I am honoured to be the new Chairman of the John Lewis Partnership. The Partnership is the biggest employee-owned business in the UK, and amongst the biggest in the world. Through our two brands - John Lewis and Waitrose  - we have been serving customers for over 155 years.

OUR YEAR IN NUMBERS

As expected, trading remained challenging throughout the year. At full year, profit before Partnership Bonus, tax, exceptional items and IFRS 16 was 23% lower than last year. However, our balance sheet and liquidity position remained strong and we improved our Debt Ratio. We continue to review our plans to secure our long-term future and the Partnership Board is taking a series of measures to preserve liquidity.

£122.6m PROFIT BEFORE PARTNERSHIP BONUS, TAX, EXCEPTIONAL ITEMS AND IFRS 16

Our Partnership profit before Bonus, tax, exceptional items and IFRS 16 was £122.6m, a weaker performance than we had hoped for, driven by significant operating profit decline in John Lewis, which was partly offset by operating profit growth in Waitrose, and lower Group costs.

 

£107.4m net income EXCEPTIONAL ITEMS

Exceptional income totalled £107.4m with £30.6m charge in Waitrose, £101.0m charge in John Lewis and £239.0m income in Group.
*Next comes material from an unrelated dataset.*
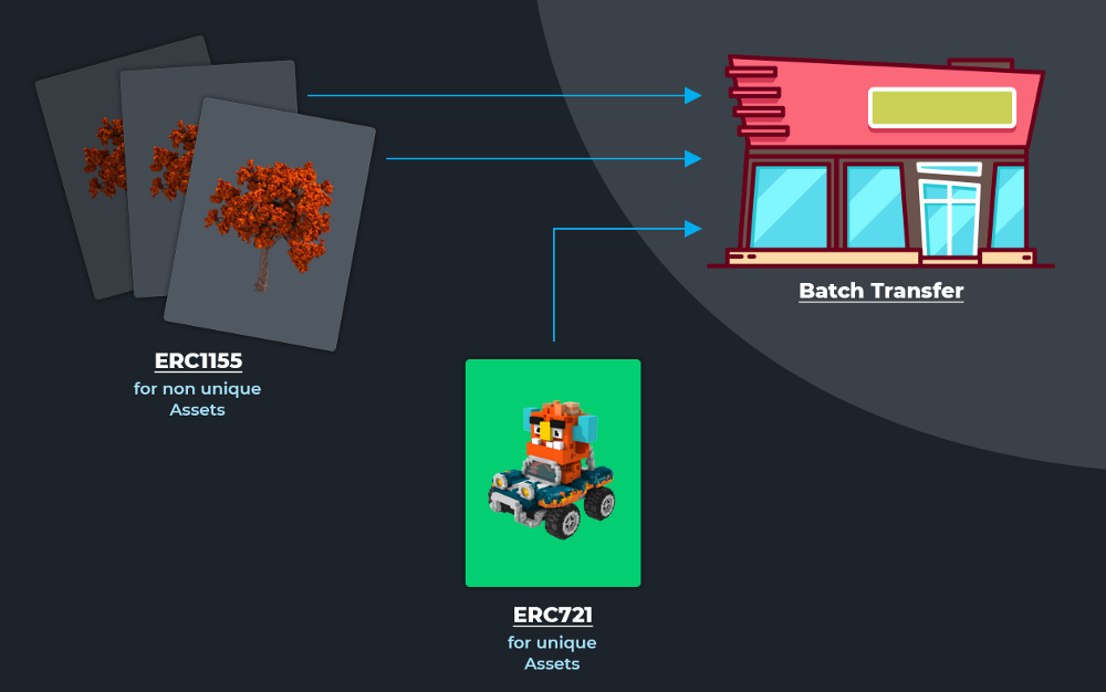 더샌드박스와 기존 UGC 게임의 차별점은 이더리움의 ERC-721 대체불가능토큰(NFT, non-fungible token)에 있습니다. 더샌드박스는 2019년 8월 복셀 모델을 ERC-721 또는 ERC-1155 토큰으로 발행해 거래하는 마켓플레이스를 선보이고 이어 복스에디트로 제작하거나 마켓플레이스에서 구매한 디지털 자산을 활용해 게임을 만드는 게임 에디터를 출시했습니다. 복셀 모델 토큰화에는 대체불가능토큰인 ERC-721뿐 아니라 대체가능토큰 ERC-1155도 함께 활용되었는데 ERC-1155를 활용하면 단일 트랜젝션으로 같은 종류의 아이템을 여러 개 만들 수 있기 때문입니다. ERC-721만 사용하면 "한 종류의 디지털 자산을 단 한 번뿐이 발행하지 못하고, (크립토키티의) 고양이 1000마리를 만들려면 가스비도 1000번 내야" 합니다. ERC-1155를 활용하면 똑같은 무기를 여러 개 쌓아두고 게임을 즐기는 데 익숙한 이용자의 경험을 블록체인 게임에도 그대로 가져올 수 있습니다. 복셀 아티스트의 수익 또한 ERC-721만 이용했을 때에 비해 커집니다.

PROFIT PER AVERAGE FULL-TIME EQUIVALENT PARTNER £3,500

In line with the reduced Partnership profit, our profit per average full-time equivalent Partner has also reduced to £3,500. However last year's number has not been restated to include the effect of IFRS 16, the latest accounting standard for leases, which accounts for £900 of the £1,500 decline.

 

£1.4bn LIQUIDITY

We have maintained a strong liquidity position at over £1.4bn, despite repaying our £275m bond in April 2019.

3.9X

Our Debt Ratio improved to 3.9 times, the lowest level since January 2014 and we aim to reduce it to around three times cash flow within four years.

RETURN ON INVESTED CAPITAL (ROIC) 5.8%

The Partnership’s ROIC declined by 1.5 percentage points, with 0.8 of this due to the impact of adopting IFRS 16, the latest accounting standard for leases, with the remaining 0.7 being driven by the fall in the Partnership’s operating profit.